:: TASK REQUIREMENTS ::
From the line that contains "宋叶婷同学从客观题备考的时间" to the last line of the data below, transcribe every line exactly. Do not include the pictures.
:: DATA BELOW ::
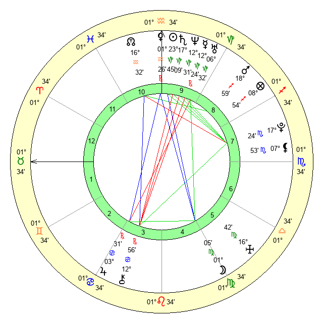 | Moon | 1 Virgo 2 | 27 Cancer 38 | 3 Sagittarius 47 |
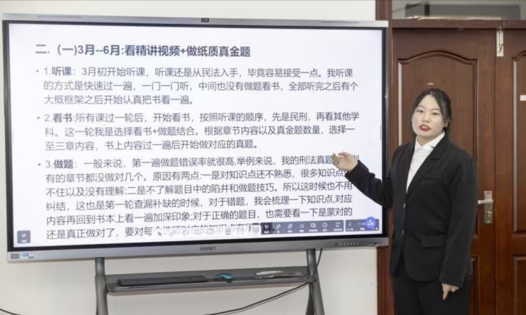 宋叶婷同学从客观题备考的时间线切入,将整个备考阶段划分为前期准备、学习规划和心态调整三个部分。针对重要复习科目,详细介绍、推荐了优质的网课老师,并鼓励同学们勇于尝试,找到适合自己的学习路径。
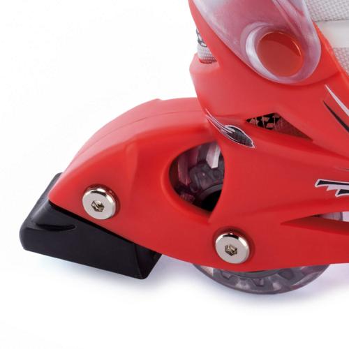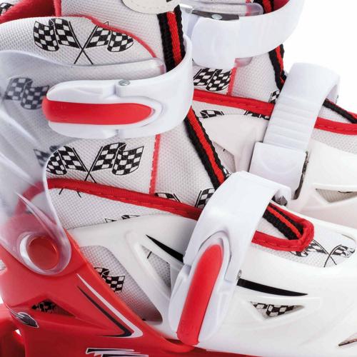 Le modèle en taille 28-32 ne possède que 3 roues mais il est possible de les positionner en in-line ou en version 2 roues arrière (type patin à roulettes) et une roue à l'avant (un peu comme un tricycle).
:::
:: YOUR RESPONSE ::
 宋叶婷同学从客观题备考的时间线切入,将整个备考阶段划分为前期准备、学习规划和心态调整三个部分。针对重要复习科目,详细介绍、推荐了优质的网课老师,并鼓励同学们勇于尝试,找到适合自己的学习路径。
 Le modèle en taille 28-32 ne possède que 3 roues mais il est possible de les positionner en in-line ou en version 2 roues arrière (type patin à roulettes) et une roue à l'avant (un peu comme un tricycle).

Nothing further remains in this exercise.